▶ **ACTIVITY**: The listing below should be printed exactly, every line of it. Skip the pictures.

▶ **DATA SHOWN**:
_____

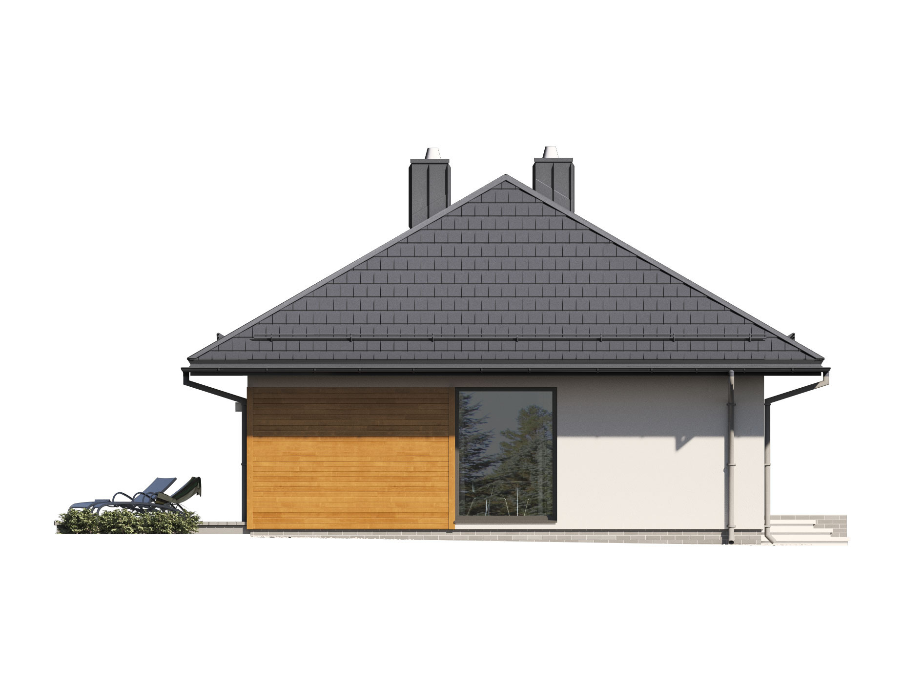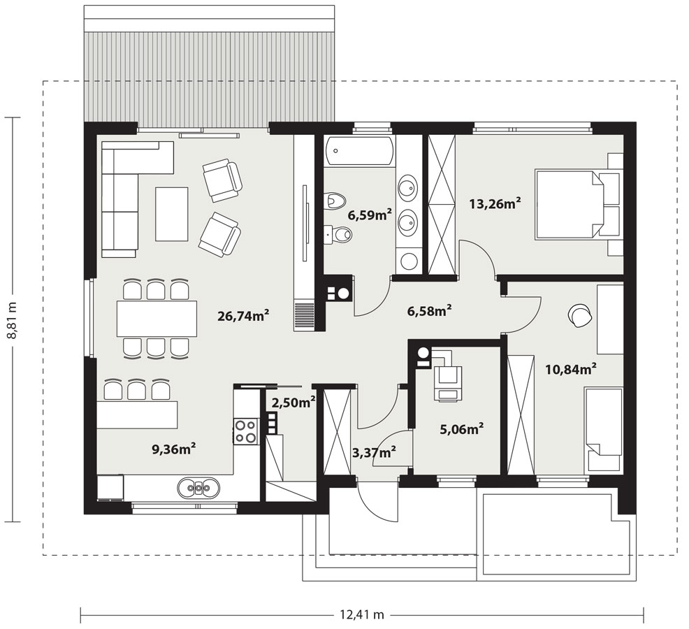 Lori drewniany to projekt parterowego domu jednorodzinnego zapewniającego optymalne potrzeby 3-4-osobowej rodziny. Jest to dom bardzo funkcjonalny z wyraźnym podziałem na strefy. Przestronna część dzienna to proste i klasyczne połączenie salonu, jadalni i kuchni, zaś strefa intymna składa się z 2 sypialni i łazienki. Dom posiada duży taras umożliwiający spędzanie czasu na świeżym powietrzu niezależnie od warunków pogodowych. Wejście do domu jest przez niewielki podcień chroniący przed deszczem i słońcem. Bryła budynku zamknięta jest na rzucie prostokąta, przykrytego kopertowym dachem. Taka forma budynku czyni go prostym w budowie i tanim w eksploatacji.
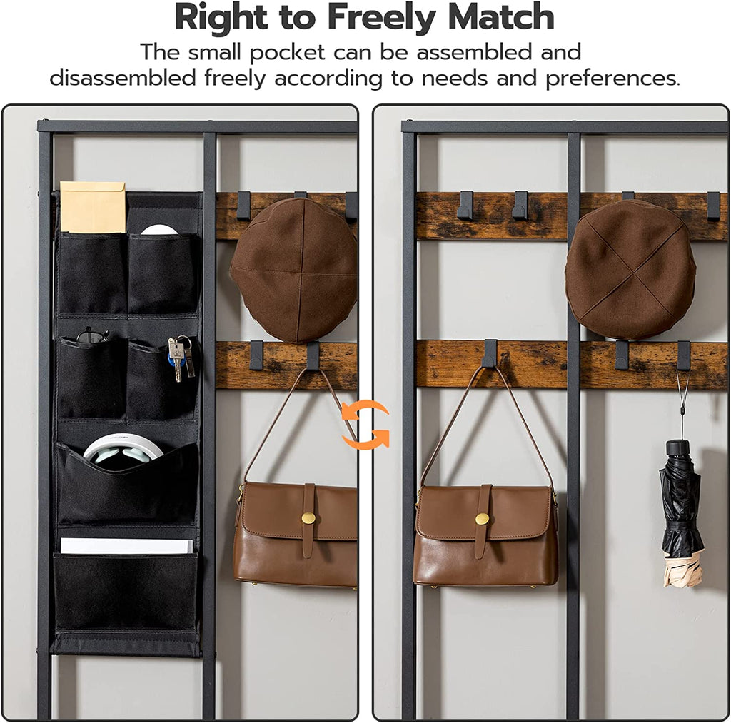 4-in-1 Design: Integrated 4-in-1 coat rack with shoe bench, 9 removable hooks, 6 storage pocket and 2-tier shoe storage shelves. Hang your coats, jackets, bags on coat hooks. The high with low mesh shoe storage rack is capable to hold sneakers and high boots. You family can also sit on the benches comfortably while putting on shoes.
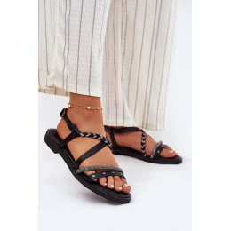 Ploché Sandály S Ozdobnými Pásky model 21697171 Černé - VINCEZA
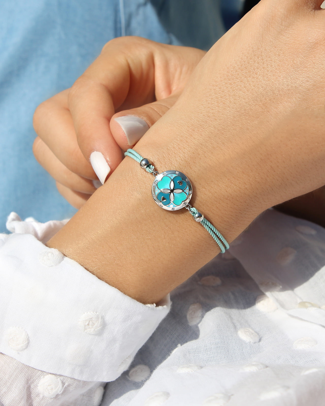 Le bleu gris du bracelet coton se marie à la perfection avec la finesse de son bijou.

_____

▶ **TASK ANSWER**:
 Lori drewniany to projekt parterowego domu jednorodzinnego zapewniającego optymalne potrzeby 3-4-osobowej rodziny. Jest to dom bardzo funkcjonalny z wyraźnym podziałem na strefy. Przestronna część dzienna to proste i klasyczne połączenie salonu, jadalni i kuchni, zaś strefa intymna składa się z 2 sypialni i łazienki. Dom posiada duży taras umożliwiający spędzanie czasu na świeżym powietrzu niezależnie od warunków pogodowych. Wejście do domu jest przez niewielki podcień chroniący przed deszczem i słońcem. Bryła budynku zamknięta jest na rzucie prostokąta, przykrytego kopertowym dachem. Taka forma budynku czyni go prostym w budowie i tanim w eksploatacji.
 4-in-1 Design: Integrated 4-in-1 coat rack with shoe bench, 9 removable hooks, 6 storage pocket and 2-tier shoe storage shelves. Hang your coats, jackets, bags on coat hooks. The high with low mesh shoe storage rack is capable to hold sneakers and high boots. You family can also sit on the benches comfortably while putting on shoes.
 Ploché Sandály S Ozdobnými Pásky model 21697171 Černé - VINCEZA
 Le bleu gris du bracelet coton se marie à la perfection avec la finesse de son bijou.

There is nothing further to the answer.